In summary, we established a stemness index-related signature and developed a prognostic nomogram in combination with prognosis-related clinicopathological characteristics. This model might be used to predict the OS of patients with PADC. Furthermore, TPX2, ZWINT, UBE2C, CCNB2, CDK1, BUB1, and BIRC5 may orchestrate the stemness, proliferation, and invasion of tumor cells.

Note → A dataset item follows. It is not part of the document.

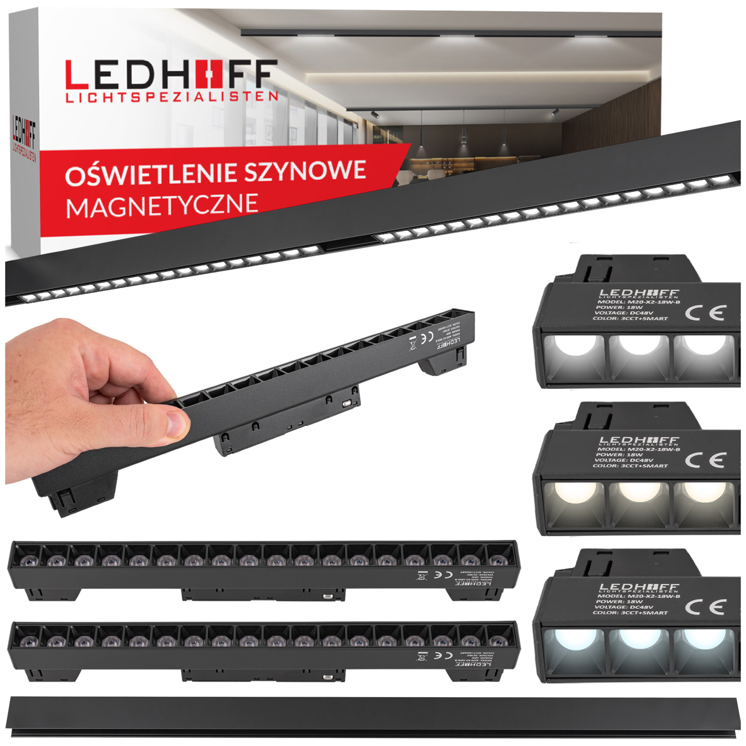 System oświetlenia szynowego magnetycznego marki LEDHOFF to połączenie maksymalnej efektywności (pełna elastyczność aranżacji, barwy i kierunku światła) i wyrafinowanej estetyki - wąskie, subtelne linie z wykończeniem w kolorze czarny mat to mocny akcent dekoracyjny, który z łatwością dopasuje się do każdego wnętrza.

These genes might be potential prognostic biomarkers and therapeutic targets in PADC.

Abbreviations

PADC:Pancreatic ductal adenocarcinoma
mRNAsi:mRNAsi expression base-index
EREG-mRNAsi:Epigenetic regulation based-index
DEGs:Differentially expressed genes
WGCNA:Weighted gene coexpression network analysis
CSCs:Cancer stem cells
FDR:False discovery rate
TOM:Topological overlap measure
GS:Gene significance
MS:Module significance
ME:Module eigengenes
MM:Module membership
GO:Gene Ontology analysis
KEGG:Kyoto Encyclopedia of Genes and Genomes Analyses
GSEA:Gene Set Enrichment Analysis
PPI:Protein-protein interaction
MF:Molecular function
BP:Biological process
CC:Cellular component
OS:Overall survival
ROC:Receiver operating characteristic curves
-index:Concordance index.

Data Availability

All data generated or analyzed during this study are included in the manuscript.

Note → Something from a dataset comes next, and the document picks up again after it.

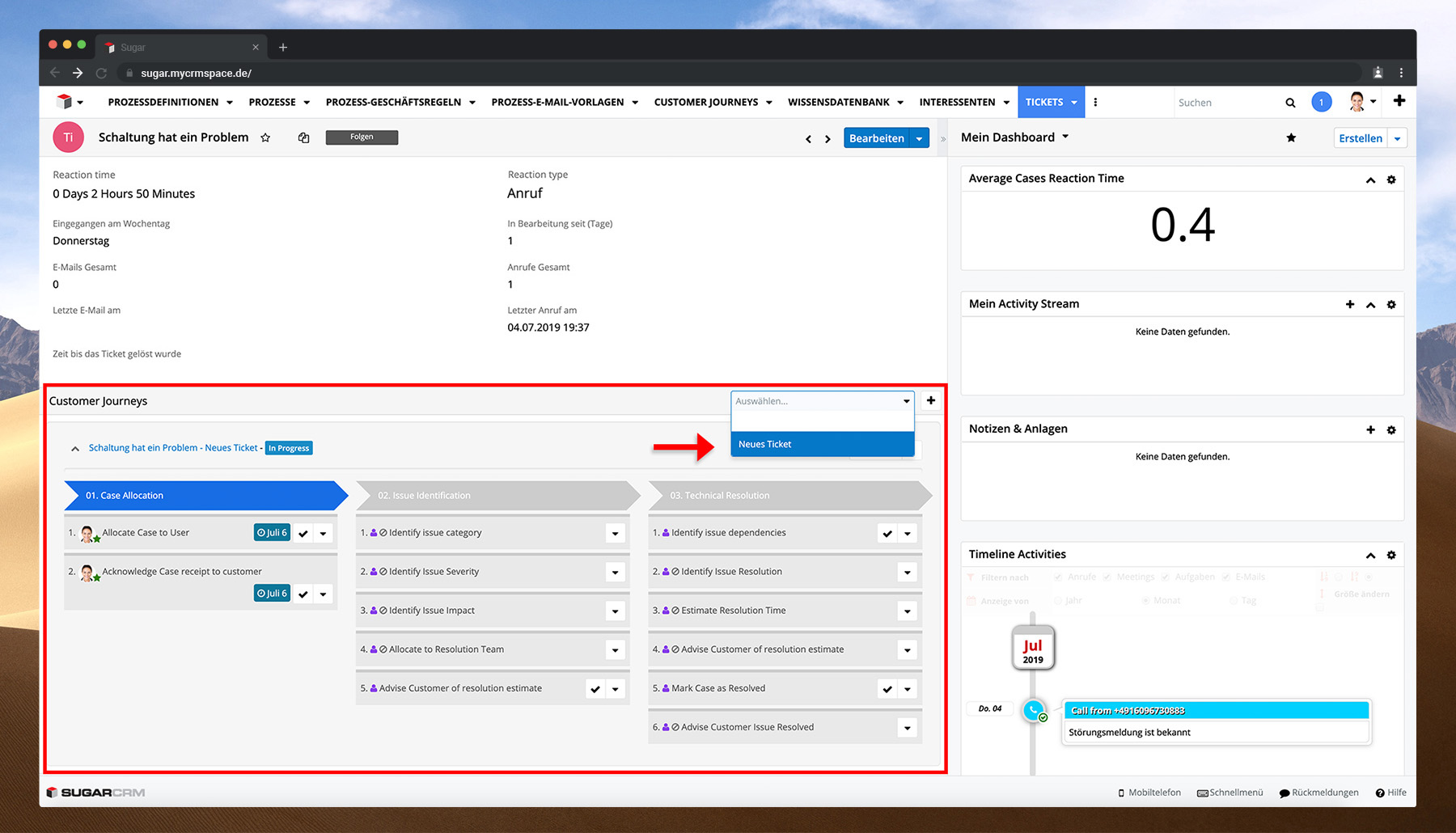 Eine interessante Erweiterung für den Kundenservice mit SugarCRM ist auch die Customer Journey Solution. Eine Customer Journey ist letztlich eine Abfolge verschiedener Aktivitäten unterteilt in Phasen. Das lässt sich nicht nur für den Kaufprozess, sondern eben auch für die Bearbeitung von Support-Anfragen wunderbar nutzen. Von der Anfrage/Ticketeingang, Zuweisung, Bearbeitung und dem Schließen mit eventueller Zufriedenheitsumfrage lassen sich alle Schritte so übersichtlich abbilden.

In this study, the privacy of individual participants was not involved, such as images, videos, or other details.

Disclosure

The manuscript was previously published as a preprint as per the following link: https://www.researchsquare.com/article/rs-245344/v1.

Conflicts of Interest

The authors declare that they have no conflicts of interest.

Authors’ Contributions

Xiao-Yan Huang conceived and designed experiments, analyzed the data, prepared the figures, authored or reviewed drafts of the manuscript, and approved the final draft. Wen-Tao Qin conceived and designed the experiments, analyzed the data, authored or reviewed drafts of the paper, and approved the final draft. Qi-Sheng Su contributed reagents/materials/analysis tools, approved the final draft. Ruo-Chuan Liu conceived and designed the experiments and approved the final draft. Cheng-Cheng Qiu, Shan-Shan Xie, and Yang Hu performed the data curation and approved the final draft. All authors have contributed to, read, and approved this submitted manuscript in its current form.

Acknowledgments

We would like to thank Ms. Hu Yan-Ling for providing us with the solution to the technical question of co-expression network analysis. And in writing this paper, we would like to express our sincere thanks to all those who have helped us.